YOUR TASK: In your copy, set down the entries exactly and exclude the pictures.

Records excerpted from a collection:

++++++++++

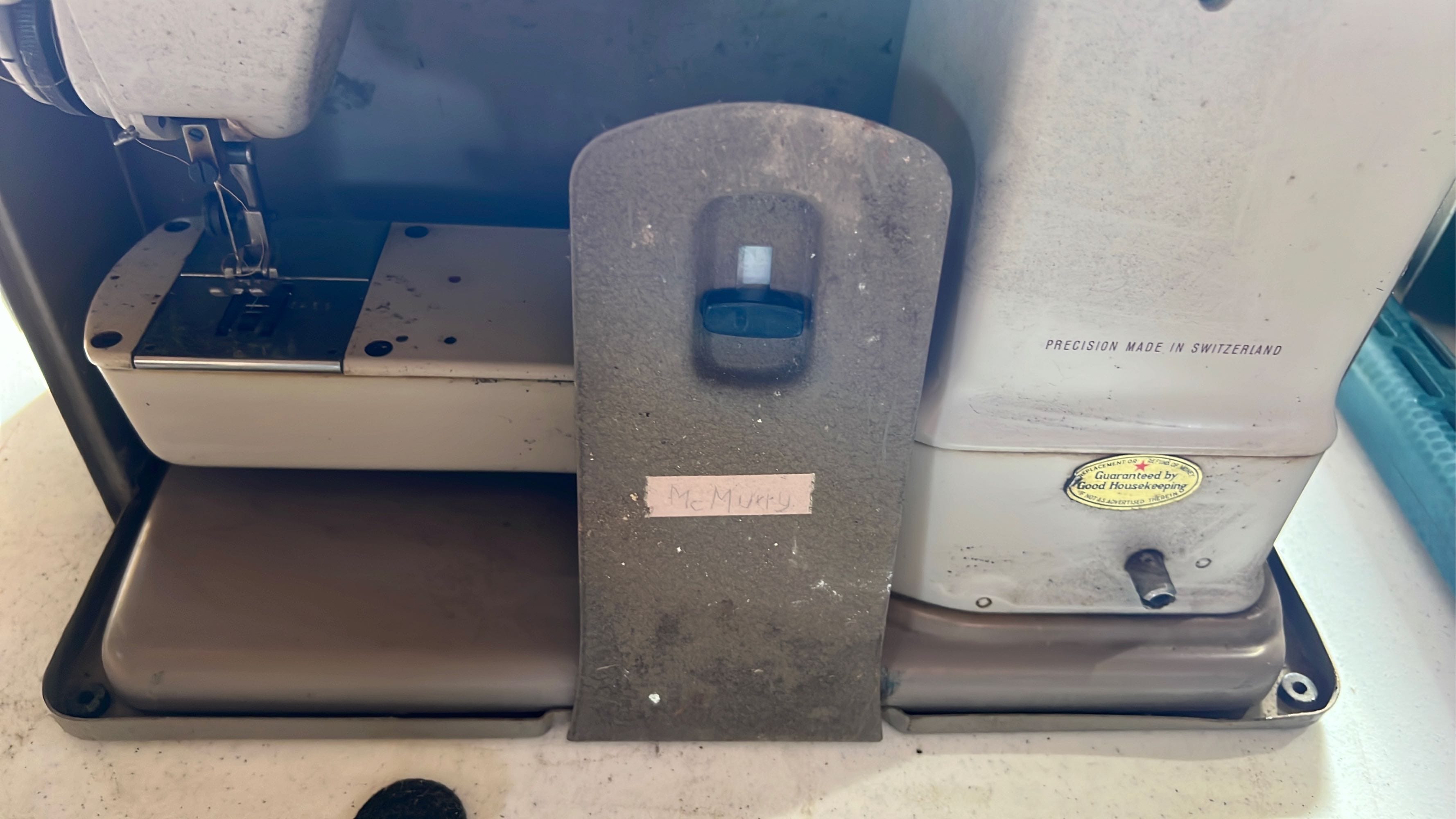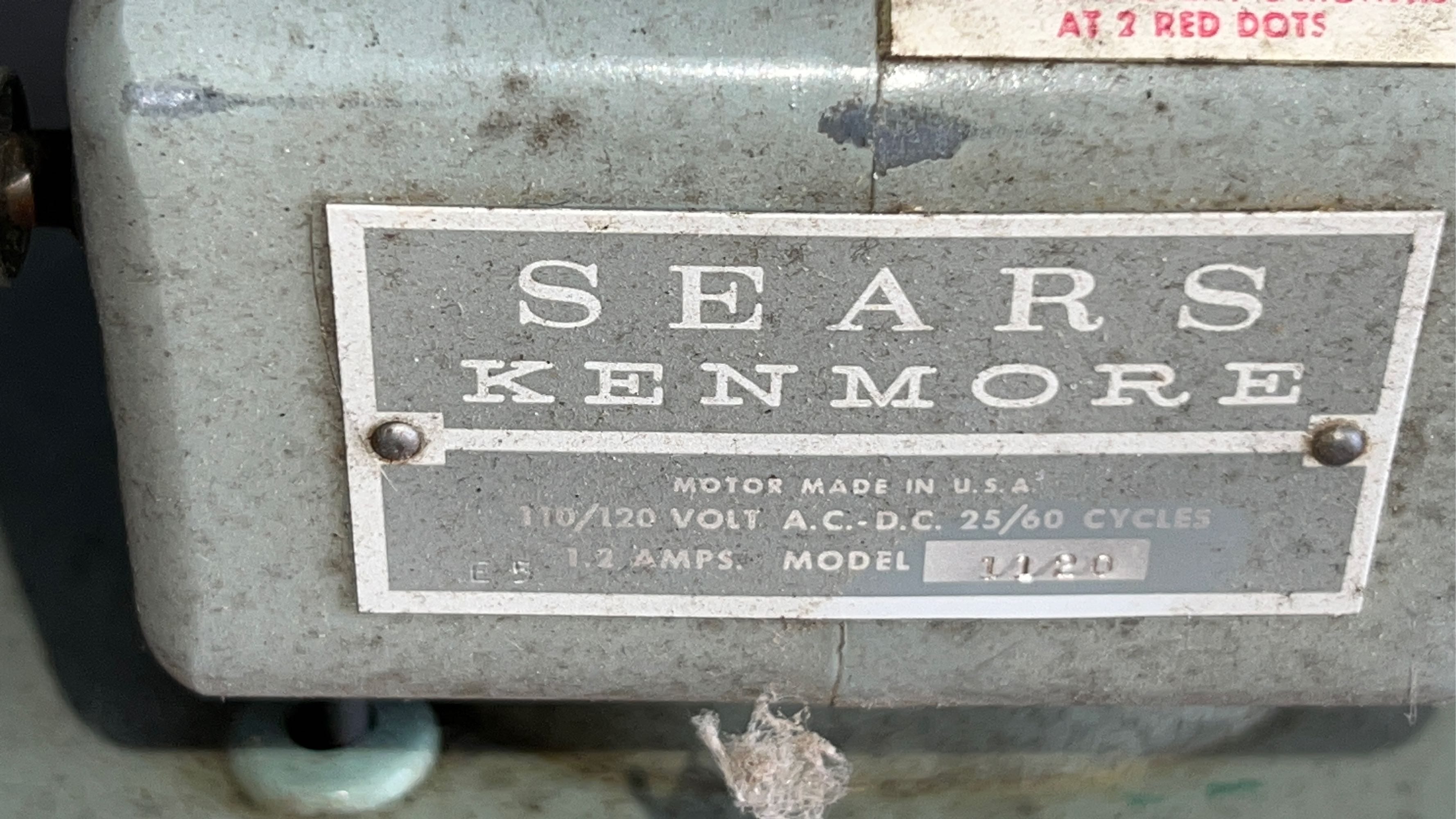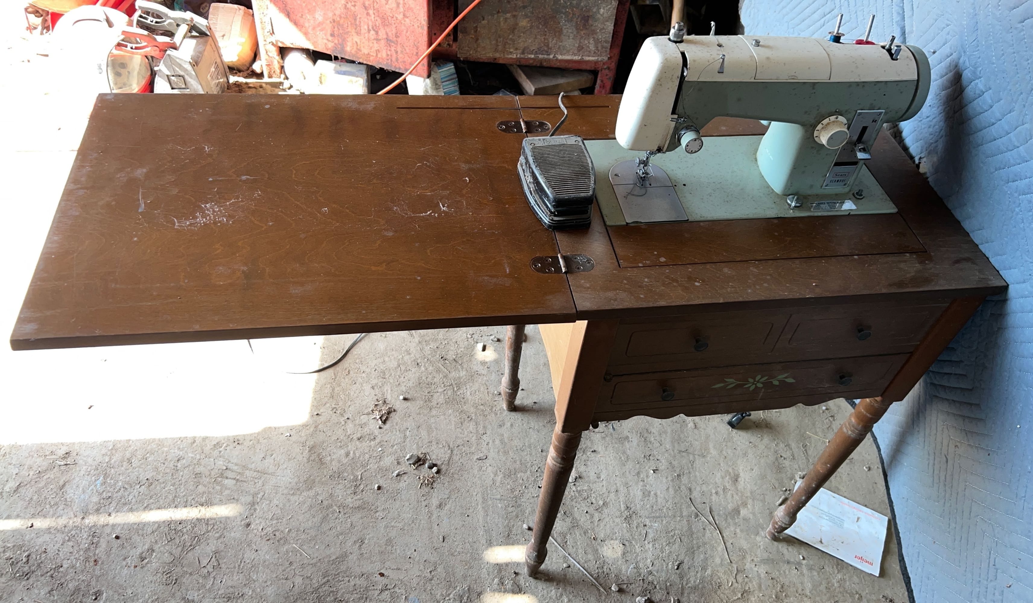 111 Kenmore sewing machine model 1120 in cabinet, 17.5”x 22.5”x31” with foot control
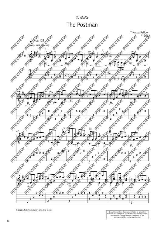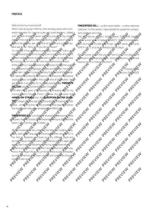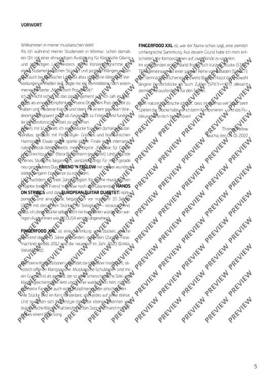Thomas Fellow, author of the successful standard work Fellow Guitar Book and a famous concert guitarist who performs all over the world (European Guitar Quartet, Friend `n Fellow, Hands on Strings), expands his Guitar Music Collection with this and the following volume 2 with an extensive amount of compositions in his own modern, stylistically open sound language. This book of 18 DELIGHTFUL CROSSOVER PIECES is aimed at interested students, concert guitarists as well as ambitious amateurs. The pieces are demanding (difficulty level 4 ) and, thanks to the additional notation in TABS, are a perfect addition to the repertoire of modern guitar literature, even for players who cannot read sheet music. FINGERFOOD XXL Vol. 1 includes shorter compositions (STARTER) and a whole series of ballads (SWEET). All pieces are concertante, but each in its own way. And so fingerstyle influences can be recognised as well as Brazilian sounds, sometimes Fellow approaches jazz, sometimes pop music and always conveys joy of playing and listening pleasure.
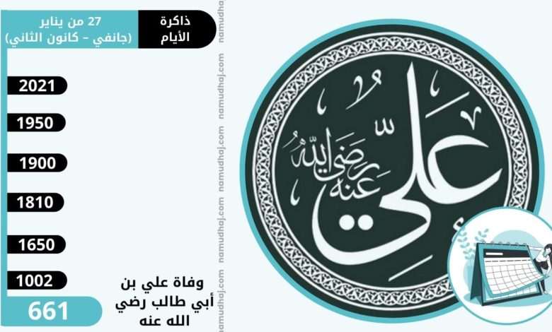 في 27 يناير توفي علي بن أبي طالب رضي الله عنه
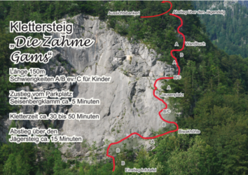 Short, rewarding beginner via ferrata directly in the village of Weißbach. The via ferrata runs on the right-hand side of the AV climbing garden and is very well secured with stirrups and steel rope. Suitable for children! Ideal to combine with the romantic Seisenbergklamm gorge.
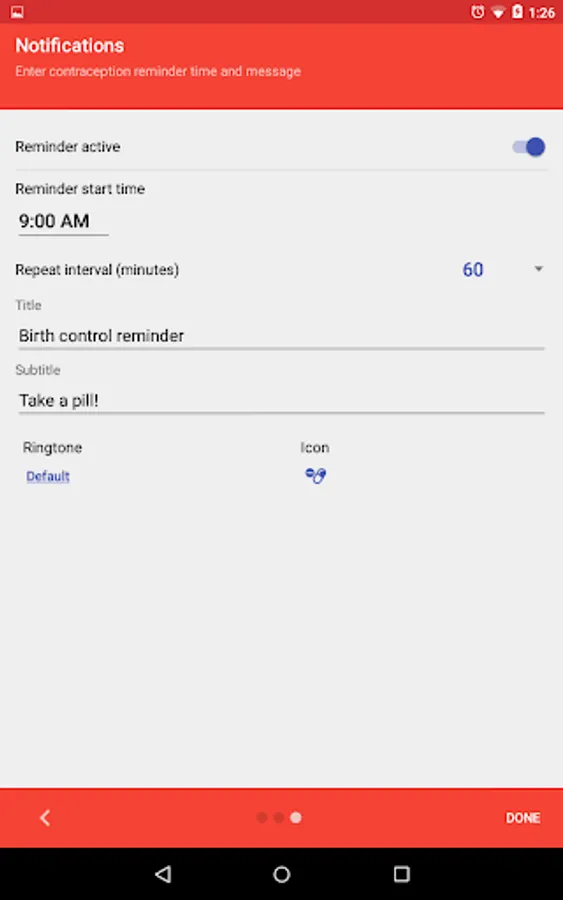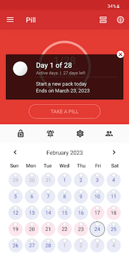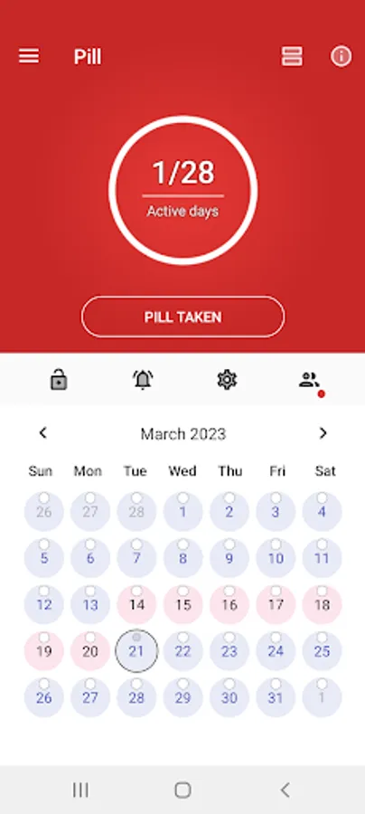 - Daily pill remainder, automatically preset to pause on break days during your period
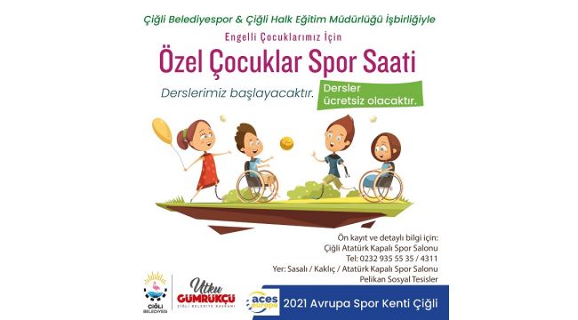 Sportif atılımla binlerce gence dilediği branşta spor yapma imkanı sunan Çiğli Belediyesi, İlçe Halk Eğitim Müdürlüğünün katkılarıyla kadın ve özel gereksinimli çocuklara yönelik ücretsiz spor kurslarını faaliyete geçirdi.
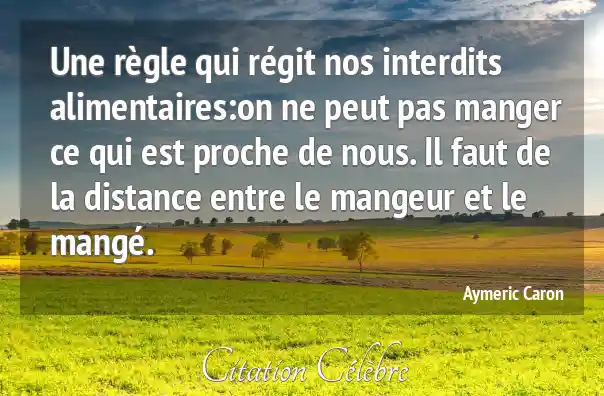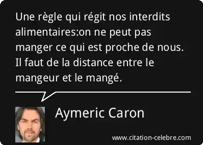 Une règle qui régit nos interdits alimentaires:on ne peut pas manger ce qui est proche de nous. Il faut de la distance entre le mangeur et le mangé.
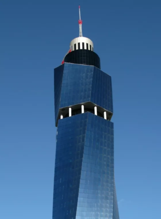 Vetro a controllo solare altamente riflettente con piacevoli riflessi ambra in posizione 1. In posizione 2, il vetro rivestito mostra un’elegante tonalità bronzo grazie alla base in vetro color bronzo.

++++++++++

OUTPUT BELOW:
 111 Kenmore sewing machine model 1120 in cabinet, 17.5”x 22.5”x31” with foot control
Thomas Fellow, author of the successful standard work Fellow Guitar Book and a famous concert guitarist who performs all over the world (European Guitar Quartet, Friend `n Fellow, Hands on Strings), expands his Guitar Music Collection with this and the following volume 2 with an extensive amount of compositions in his own modern, stylistically open sound language. This book of 18 DELIGHTFUL CROSSOVER PIECES is aimed at interested students, concert guitarists as well as ambitious amateurs. The pieces are demanding (difficulty level 4 ) and, thanks to the additional notation in TABS, are a perfect addition to the repertoire of modern guitar literature, even for players who cannot read sheet music. FINGERFOOD XXL Vol. 1 includes shorter compositions (STARTER) and a whole series of ballads (SWEET). All pieces are concertante, but each in its own way. And so fingerstyle influences can be recognised as well as Brazilian sounds, sometimes Fellow approaches jazz, sometimes pop music and always conveys joy of playing and listening pleasure.
 في 27 يناير توفي علي بن أبي طالب رضي الله عنه
 Short, rewarding beginner via ferrata directly in the village of Weißbach. The via ferrata runs on the right-hand side of the AV climbing garden and is very well secured with stirrups and steel rope. Suitable for children! Ideal to combine with the romantic Seisenbergklamm gorge.
 - Daily pill remainder, automatically preset to pause on break days during your period
 Sportif atılımla binlerce gence dilediği branşta spor yapma imkanı sunan Çiğli Belediyesi, İlçe Halk Eğitim Müdürlüğünün katkılarıyla kadın ve özel gereksinimli çocuklara yönelik ücretsiz spor kurslarını faaliyete geçirdi.
 Une règle qui régit nos interdits alimentaires:on ne peut pas manger ce qui est proche de nous. Il faut de la distance entre le mangeur et le mangé.
 Vetro a controllo solare altamente riflettente con piacevoli riflessi ambra in posizione 1. In posizione 2, il vetro rivestito mostra un’elegante tonalità bronzo grazie alla base in vetro color bronzo.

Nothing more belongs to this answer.